Mobile network newcomer 2degrees is urging the Government to move quickly to adopt the Commerce Commission's recommendation for controls on the prices mobile phone companies charge competitors to connect to their networks.
In a reconsideration report issued today, the commission recommended that Communications Minister Steven Joyce regulate mobile termination access services, and not accept undertakings from Telecom and Vodafone.
Today's move confirmed the commission's preliminary view in a draft reconsideration report issued last month.
Mobile termination prices are the wholesale charges mobile phone companies charge for terminating calls or texts from other fixed or mobile networks.
Bill McCabe, 2degrees' chief operation officer, said the recommendation was a positive prelude to real improvements in mobile call rates.
"We won't see change until this decision is accepted by the minister and the price-setting process is concluded," he said.
He was worried Vodafone still had plenty of opportunity "to stall the process", so 2degrees was hoping for a quick decision and a fast process.
Labour communications spokeswoman Clare Curran said the minister needed to act swiftly to regulate so the industry and consumers could move forward with certainty.
"The Commerce Commission has accepted that gaming behaviour by big telcos in the market represents a barrier to expansion by a new entrant," she said.
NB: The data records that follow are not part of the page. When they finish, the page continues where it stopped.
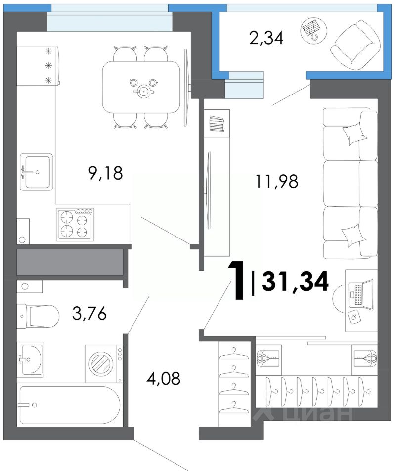 Общая площадь31,34 м2
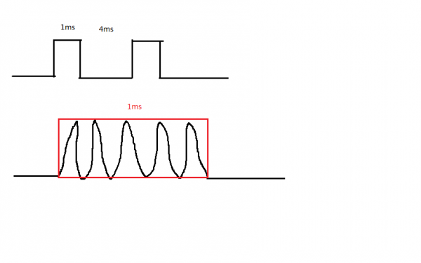 已知平均功率10 W,脉冲周期5ms,占空比为1:5,也就是说大脉冲的宽度为1 ms,重复频率为200 Hz,不理解可以看图。 如果说在这个1ms的脉冲尺度内有实际上是多个小脉冲,小脉冲有自己的重复频率,比如10kHz,那么怎么计算这个小脉冲的脉冲能量 无标题.png [ Last edited by cnsdwzw on 2013-11-12 at 18:21 ] |
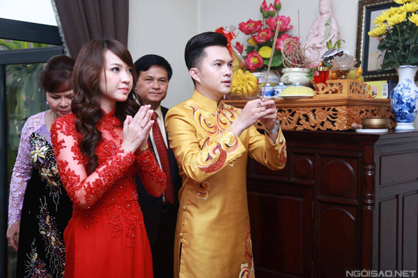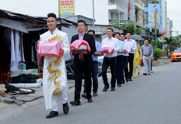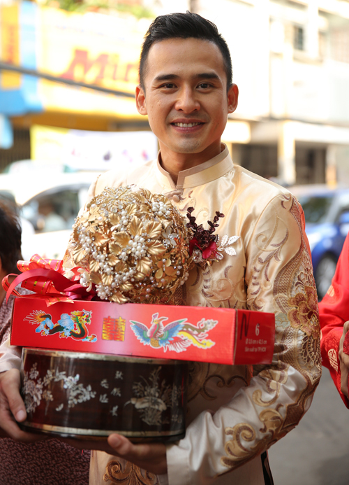 Lương Thế Thành mặc áo dài sắc vàng đồng bưng sính lễ đi hỏi cưới diễn viên Thúy Diễm hôm 12/4. Đây là trang phục được nhà thiết kế Phạm Đặng Anh Thư thực hiện riêng cho nam diễn viên với họa tiết thêu tay và đắp ren tỉ mỉ ăn nhập với màu vải áo và bó hoa kết đính từ kim loại, ngọc trai, đá pha lê.
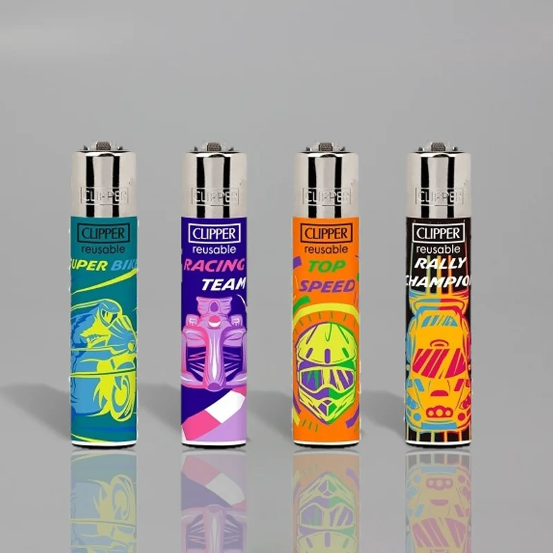 Clipper lighters with racing designs.
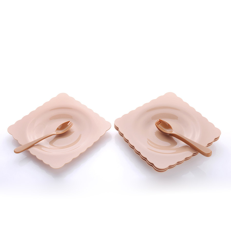 得力熊歐式大號花邊正方餐盤(4pcs)( 配4pcs叉匙)
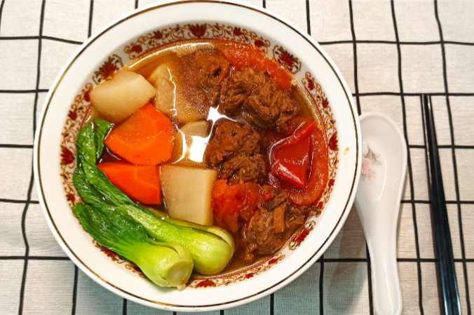 黃金比例調配食材,加入鮮蔬的白蘿蔔、紅蘿蔔等蔬菜慢火細細燉煮出完美琥珀色湯頭,清甜爽口風味獨具。
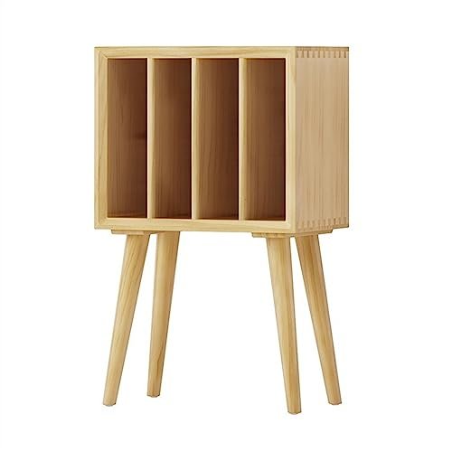 Suporte de DVD CD para toca-discos, suporte de mesa de armazenamento de discos de vinil com 4 armários, suporte de toca-discos retrô de pinheiro, mesa de cabeceira para quarto, sala de estar (Equipamentos)
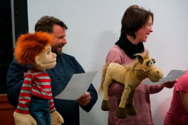 Im WS 1 „Spielfreude: Puppenspiel mit Spaß dabei – ist doch keine Hexerei!“ und im WS 3 “Sprache & Stimme“ ging es schnell praktisch zur Sache.
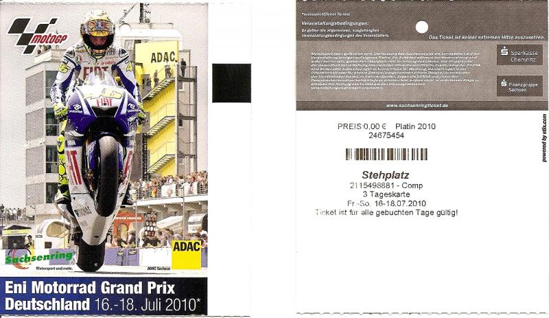 Verkaufe ein Platin Stehplatzticket für den Motorrad Grand Prix von Deutschland auf dem Sachsenring vom 16.-18.Juli 2010. Das Ticket gilt für alle drei Tage.
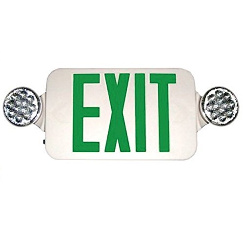 Morris 73534 Round Head LED Combo Exit Emergency Light with Self Diagnostic White Housing, Green
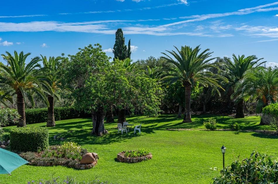 El jardín, cuidadosamente diseñado y enriquecido con palmeras, árboles y plantas autóctonas de la isla, garantiza privacidad y serenidad. Numerosas zonas de descanso y áreas de comedor al aire libre invitan a disfrutar plenamente de la tranquilidad del entorno.

Mr Joyce said he was inviting written submissions on the commission's recommendation, with submissions due by June 29 and cross submissions by July 6.
The commission had changed the position it took in February that the Government should accept undertakings from Telecom and Vodafone as an alternative to regulation.
It reconsidered its position after Vodafone launched a new Talk Add-on product in April offering up to 200 minutes to Vodafone New Zealand mobiles and landlines for $12 a month for certain pre-pay plans.
After Vodafone launched that product, Mr Joyce asked the commission to reconsider its earlier recommendation that Telecom and Vodafone's final undertakings should be accepted.
Releasing its preliminary view in May, the commission said that in light of the Talk Add-on plan, the mobile termination rates contained in the final undertakings offered by Vodafone and Telecom would not address its concerns about competition.
Today, telecommunications commissioner Ross Patterson said the commission considered that cost-based mobile termination rates, when compared to the offers in the undertakings, would better promote competition in the mobile market and would be in the best long-term interests of end-users.
"While a plan like Vodafone's Talk Add-on, which has now been withdrawn, might provide short term benefits to consumers on larger networks, in the commission's view, such plans are likely to result in longer term detrimental effects on competition in the mobile services market," Dr Patterson said.
"In the long term, the commission expects that its recommendation of regulation will ensure that all mobile users will benefit from greater competition, which is expected to result in access to more competitive prices and services."
Faced with plans such as Talk Add-on, with its low on-net tariff, a small entrant paying the wholesale mobile termination rates contained in the undertakings would be likely to incur significant losses and therefore be unable to compete against the large networks, Dr Patterson said.